WA’dan korunma yeterli beslenmeye bağlıdır. Yetişkin bir kişi için günlük ortalama 1.4 mg/gün veya tüketilen her 1000 kcal için 0.5 mg tiamine ihtiyaç vardır. İki haftadan uzun NG veya İV beslenme uygulanan hastalarda WA’dan korunmak için tedavi sıvılarına tiamin eklenmelidir. Koma nedeni belli olmayan hastalara, glikoz yüklenmeden önce verilecek olan 50-100 mg İV/İM tiamin, depoların daha fazla tüketilmesine karşın korunmayı sağlayacaktır.
Alkolik olmayan WA hastalarında tiamine daha iyi cevap alındığı konusunda görüşler vardır. Ancak tedaviye rağmen kaybedilen veya ağır amnezik kalan hastalar da bildirilmiştir (Kopelman, 1995). Tedaviye cevabın hastanın yaşına, sendromun gelişme hızına, tedavinin başlanma zamanlamasına bağlı olarak değişebileceği belirtilmiştir (Tallaksen ve ark., 1993).

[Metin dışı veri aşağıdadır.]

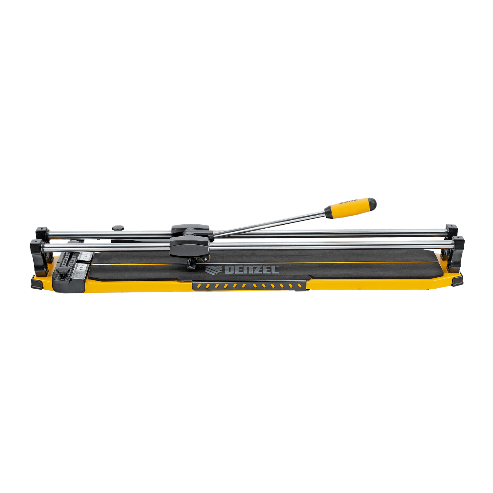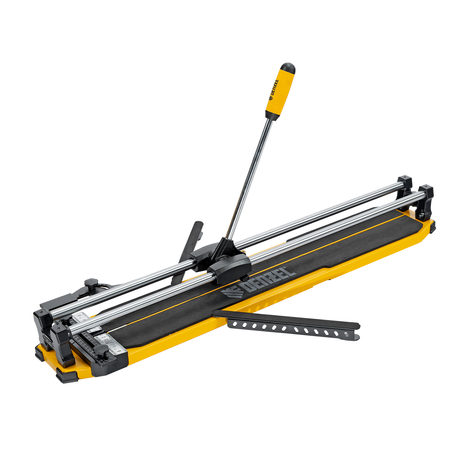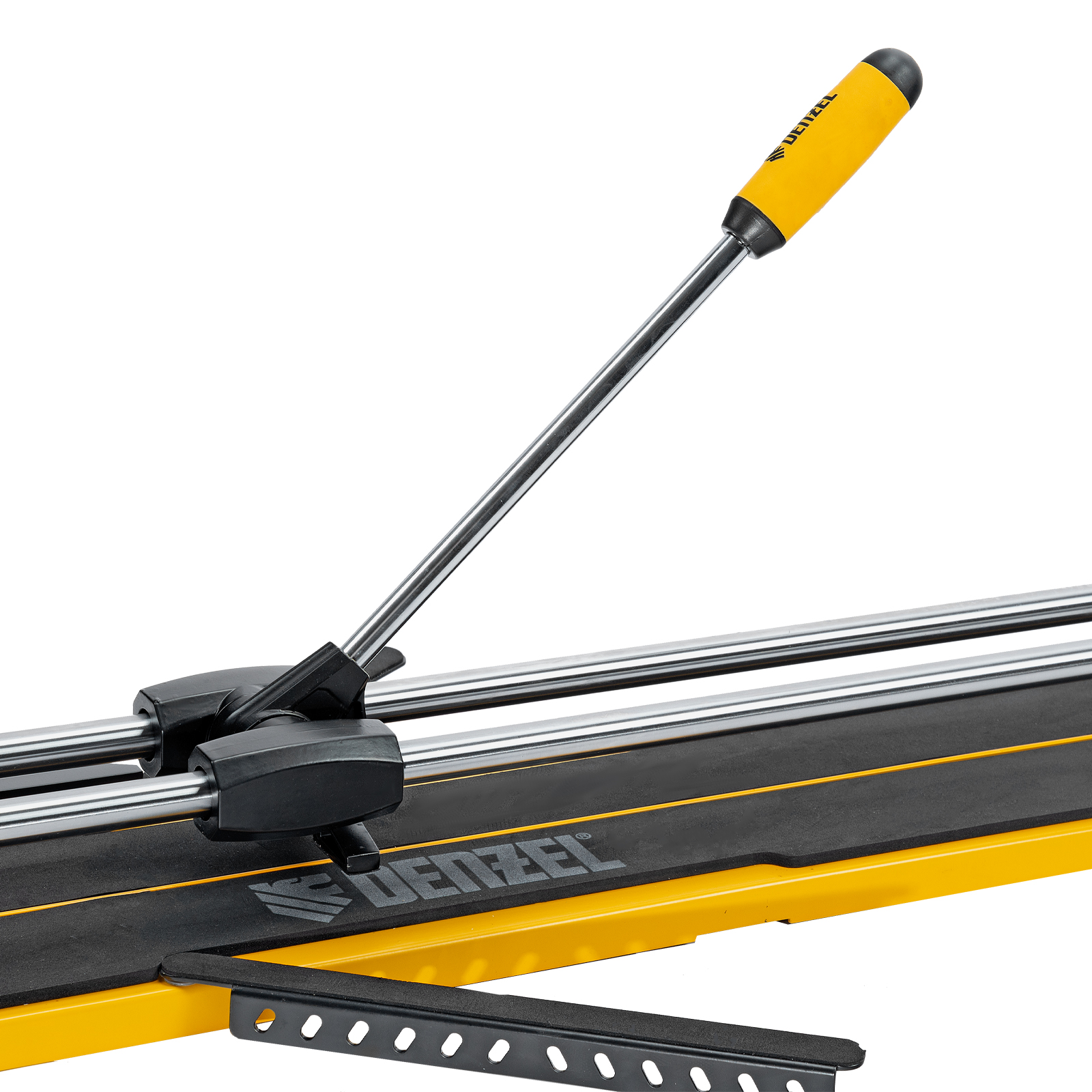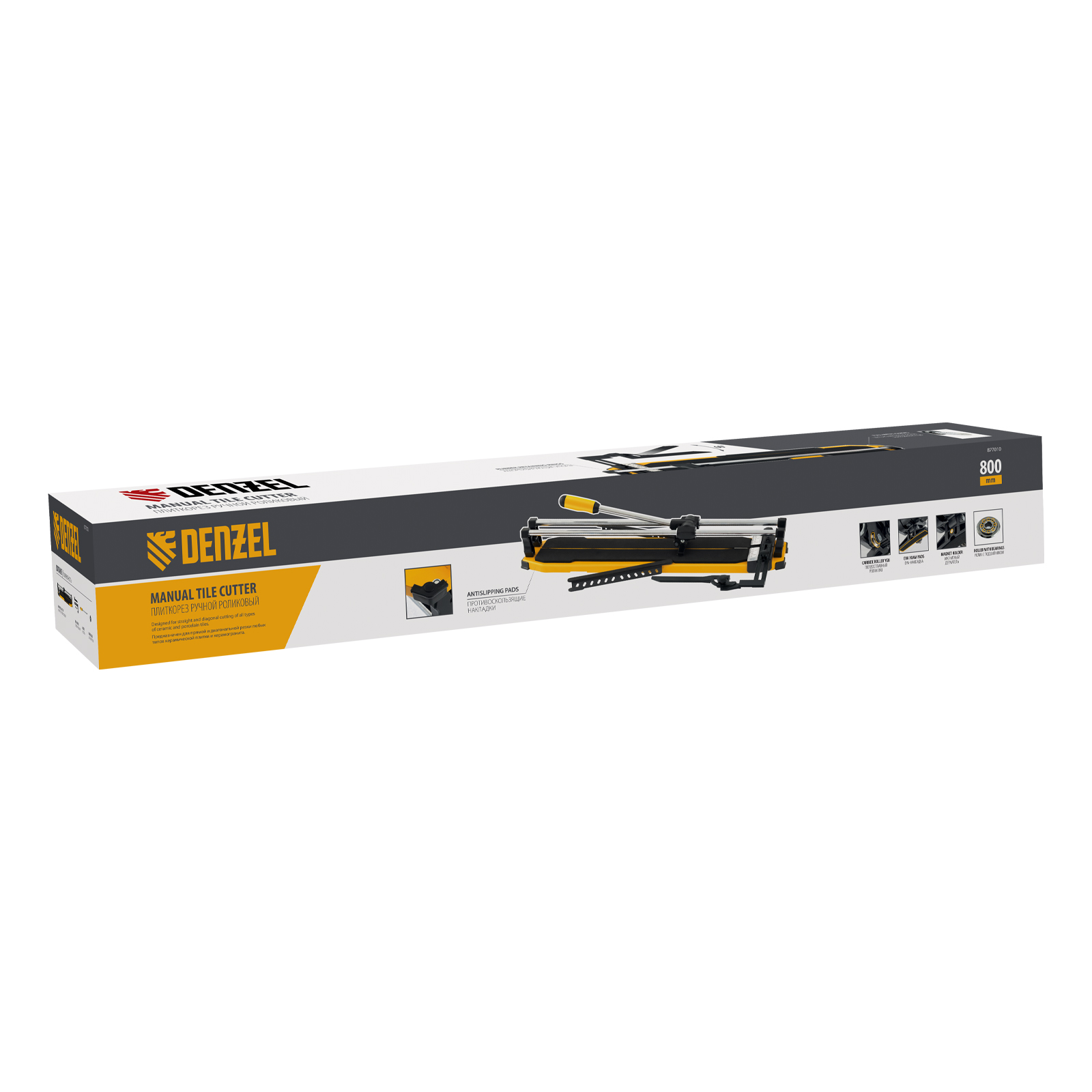 Ручной плиткорез Denzel 877010 с цельнометаллическими направляющими и стальной станиной, с кареткой на подшипниках и рукояткой-пеналом, предназначен для прямой и диагональной резки керамической плитки и керамогранита длиной до 800 мм и толщиной до 14 мм. Раздвижные упоры упрощают работу с плиткой большого размера. Инструмент используется для проведения отделочных работ.

Tiamin tedavisi ile WA’nın progresyonu engellenmekte, varolan bulgularda ise hızla düzelme gözlenmektedir. Tedavinin erken başlanması ile strüktürel lezyonların gelişimi büyük oranda engellenebilmektedir. Victor, Adams ve Collins’in geniş serisinde ilk üç hafta içinde % 17 oranında mortalite saptanmıştır. Primer ölüm nedeni infeksiyondur (pnömoni, akciğer tüberkülozu ve sepsis). Ayrıca dekompanse karaciğer hastalığı ve portal siroz da ölüme neden olmaktadır. Tiamin eksikliğinin ileri safhasında hastalarda stupor ve koma gelişmektedir. Bu hastaların bir bölümü WA koması sonucu kaybedilmektedir (Victor, Adams ve Collins, 1971; Victor, 1976b). WA hastalarında koma ve hipotermi genellikle birlikte görülmektedir. Ilımlı hipotermide tiamin tedavisi ile ilk gün içinde düzelme gözlenmektedir. Ancak ağır hipotermide tiamine beklenen cevap alınamayıp, haftalarca sürdüğü gözlenebilmektedir (Kerslay ve Musso, 1980). 
Tiamin tedavisini takiben bakış paralizisinin hızla düzeldiği gözlenmektedir. Nistagmus ve atakside tedaviyle düzelme olmasına rağmen, hastaların yaklaşık % 60’ında rezidüel bulgu olarak kalmaktadırlar. Özellikle ataksilerinde ilk haftada düzelme başlamayan hastalarda daha sonrasında tam düzelme olmamaktadır. Global konfüzyonel durumda okuler ve ataksik bulgularla birlikte düzelmekte ancak % 80’ninde amnestik tablo kalıcı olmaktadır. KS’de ise pek fazla düzelme gözlenmemektedir. Hastalarda gözlenen düzelme ise yavaş ve düzensizdir. Amnestik tablolarda düzelme ilk bir yıl içinde gözlenmektedir. Tam düzelme konfüzyonel durumu hızla gerileyen hastaların  bir bölümünde gözlenmektedir (Victor, Adams ve Collins, 1971).
KS’de nörokimyasal etkilenmeler ile ilgili çalışmalar halen devam etmektedir. Nörotransmitter manipulasyonu ile sekel tedavisinde, bazı araştırmacılar klonidin ile noradrenerjik fonksiyonda, fluvoksaminle de serotonerjik sistem üzerinden olumlu sonuçlar aldıklarını bildirmişlerdir. Martin ve ark. (1995), KS’li hastalara plasebo kontrollü olarak 200 mg/gün fluvoksamin kullanmışlar ve BOS’da seratonin metaboliti  5-HIAA düzeyinde azalma ile korele olarak hastaların Wechsler Memory Skalasında düzelme gözlemlemişlerdir. Kopelman’ın (1995) aktardığına göre O’Donnell ve ark. 1986 yılındaki çalışmalarında, altı KS’li hastada bir haftalık adrenerjik agonist (metilfenidat) kullanımını takiben sözel bellek testlerinde anlamlı iyileşme bildirmişlerdir.   McEntee ve Mair (1979), altı KS’li hastada klonidin (alfa-noradrenerjik agonist) ile bellekte anlamlı iyileşme gözlemlemişlerdir. Ancak daha sonraki çalışmalarda benzer olumlu sonuç elde edilememiştir. Sonuç olarak nörotransmitterlerin KS’de kullanımı konusunda tam ortaklaşılmış uygulamalar yoktur.